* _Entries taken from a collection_
──────────

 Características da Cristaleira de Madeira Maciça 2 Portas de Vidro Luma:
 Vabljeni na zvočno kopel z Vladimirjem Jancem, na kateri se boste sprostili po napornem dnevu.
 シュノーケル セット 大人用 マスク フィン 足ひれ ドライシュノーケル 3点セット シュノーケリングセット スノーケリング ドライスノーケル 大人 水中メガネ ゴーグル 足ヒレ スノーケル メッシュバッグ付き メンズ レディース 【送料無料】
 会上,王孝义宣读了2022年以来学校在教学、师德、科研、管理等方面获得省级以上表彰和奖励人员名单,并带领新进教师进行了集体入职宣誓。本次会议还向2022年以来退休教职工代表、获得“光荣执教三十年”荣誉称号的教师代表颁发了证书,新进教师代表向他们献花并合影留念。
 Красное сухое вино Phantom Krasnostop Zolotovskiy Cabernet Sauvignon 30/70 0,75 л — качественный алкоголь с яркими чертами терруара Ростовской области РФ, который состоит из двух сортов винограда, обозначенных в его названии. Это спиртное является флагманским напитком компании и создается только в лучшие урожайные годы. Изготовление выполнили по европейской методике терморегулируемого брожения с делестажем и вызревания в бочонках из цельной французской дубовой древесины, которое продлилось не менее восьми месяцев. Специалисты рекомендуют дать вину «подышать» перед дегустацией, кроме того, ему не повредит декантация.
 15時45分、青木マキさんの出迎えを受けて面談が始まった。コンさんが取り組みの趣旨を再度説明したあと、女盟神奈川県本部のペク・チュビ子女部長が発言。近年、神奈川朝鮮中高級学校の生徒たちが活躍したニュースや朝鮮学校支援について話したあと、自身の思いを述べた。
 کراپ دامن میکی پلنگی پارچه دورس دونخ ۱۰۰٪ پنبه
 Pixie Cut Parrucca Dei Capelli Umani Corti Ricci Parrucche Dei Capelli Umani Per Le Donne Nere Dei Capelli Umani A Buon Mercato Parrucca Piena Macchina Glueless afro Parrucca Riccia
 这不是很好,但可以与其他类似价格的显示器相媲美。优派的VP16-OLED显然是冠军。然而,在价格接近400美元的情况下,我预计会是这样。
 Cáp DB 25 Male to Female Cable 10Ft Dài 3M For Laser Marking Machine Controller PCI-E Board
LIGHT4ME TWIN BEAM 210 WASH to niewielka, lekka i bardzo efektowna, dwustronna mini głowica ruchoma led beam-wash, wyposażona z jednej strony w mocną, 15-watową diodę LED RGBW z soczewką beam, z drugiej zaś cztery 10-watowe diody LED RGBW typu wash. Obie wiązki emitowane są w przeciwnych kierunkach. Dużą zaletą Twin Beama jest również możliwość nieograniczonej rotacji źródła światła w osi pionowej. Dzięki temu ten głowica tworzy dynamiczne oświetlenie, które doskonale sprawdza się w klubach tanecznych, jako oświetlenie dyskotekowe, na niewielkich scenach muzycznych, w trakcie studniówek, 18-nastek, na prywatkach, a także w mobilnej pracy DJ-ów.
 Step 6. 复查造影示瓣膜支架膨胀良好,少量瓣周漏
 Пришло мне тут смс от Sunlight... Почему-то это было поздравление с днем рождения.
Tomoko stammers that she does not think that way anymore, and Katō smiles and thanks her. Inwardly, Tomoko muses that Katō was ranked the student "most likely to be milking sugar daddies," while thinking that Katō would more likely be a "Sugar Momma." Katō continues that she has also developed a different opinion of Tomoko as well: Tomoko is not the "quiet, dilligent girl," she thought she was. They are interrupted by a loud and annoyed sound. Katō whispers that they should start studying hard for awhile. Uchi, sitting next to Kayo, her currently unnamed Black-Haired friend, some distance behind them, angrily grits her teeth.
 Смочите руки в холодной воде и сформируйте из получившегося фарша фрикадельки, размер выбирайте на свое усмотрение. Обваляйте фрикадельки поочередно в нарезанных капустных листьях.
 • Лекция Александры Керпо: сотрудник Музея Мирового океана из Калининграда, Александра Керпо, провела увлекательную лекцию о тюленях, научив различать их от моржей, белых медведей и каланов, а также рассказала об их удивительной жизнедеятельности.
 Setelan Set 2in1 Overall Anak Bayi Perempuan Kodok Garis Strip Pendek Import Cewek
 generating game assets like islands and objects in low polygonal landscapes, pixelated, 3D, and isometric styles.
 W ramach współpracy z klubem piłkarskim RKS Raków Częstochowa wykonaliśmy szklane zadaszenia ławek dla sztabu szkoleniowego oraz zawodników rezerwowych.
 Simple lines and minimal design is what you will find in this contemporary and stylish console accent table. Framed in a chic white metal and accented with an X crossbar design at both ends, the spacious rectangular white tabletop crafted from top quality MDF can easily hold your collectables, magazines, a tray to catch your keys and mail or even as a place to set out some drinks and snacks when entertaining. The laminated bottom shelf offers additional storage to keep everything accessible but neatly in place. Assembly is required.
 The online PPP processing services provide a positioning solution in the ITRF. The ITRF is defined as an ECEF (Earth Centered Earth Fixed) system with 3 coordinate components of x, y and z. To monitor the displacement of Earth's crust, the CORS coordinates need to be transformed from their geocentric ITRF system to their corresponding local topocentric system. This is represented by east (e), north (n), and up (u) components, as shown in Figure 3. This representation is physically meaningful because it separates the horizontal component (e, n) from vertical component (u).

──────────

* _Work task_
Using the records above, please retype only the run of lines from the line holding "W ramach współpracy" through the last line, both ends included.

* _Answer to the problem_
 W ramach współpracy z klubem piłkarskim RKS Raków Częstochowa wykonaliśmy szklane zadaszenia ławek dla sztabu szkoleniowego oraz zawodników rezerwowych.
 Simple lines and minimal design is what you will find in this contemporary and stylish console accent table. Framed in a chic white metal and accented with an X crossbar design at both ends, the spacious rectangular white tabletop crafted from top quality MDF can easily hold your collectables, magazines, a tray to catch your keys and mail or even as a place to set out some drinks and snacks when entertaining. The laminated bottom shelf offers additional storage to keep everything accessible but neatly in place. Assembly is required.
 The online PPP processing services provide a positioning solution in the ITRF. The ITRF is defined as an ECEF (Earth Centered Earth Fixed) system with 3 coordinate components of x, y and z. To monitor the displacement of Earth's crust, the CORS coordinates need to be transformed from their geocentric ITRF system to their corresponding local topocentric system. This is represented by east (e), north (n), and up (u) components, as shown in Figure 3. This representation is physically meaningful because it separates the horizontal component (e, n) from vertical component (u).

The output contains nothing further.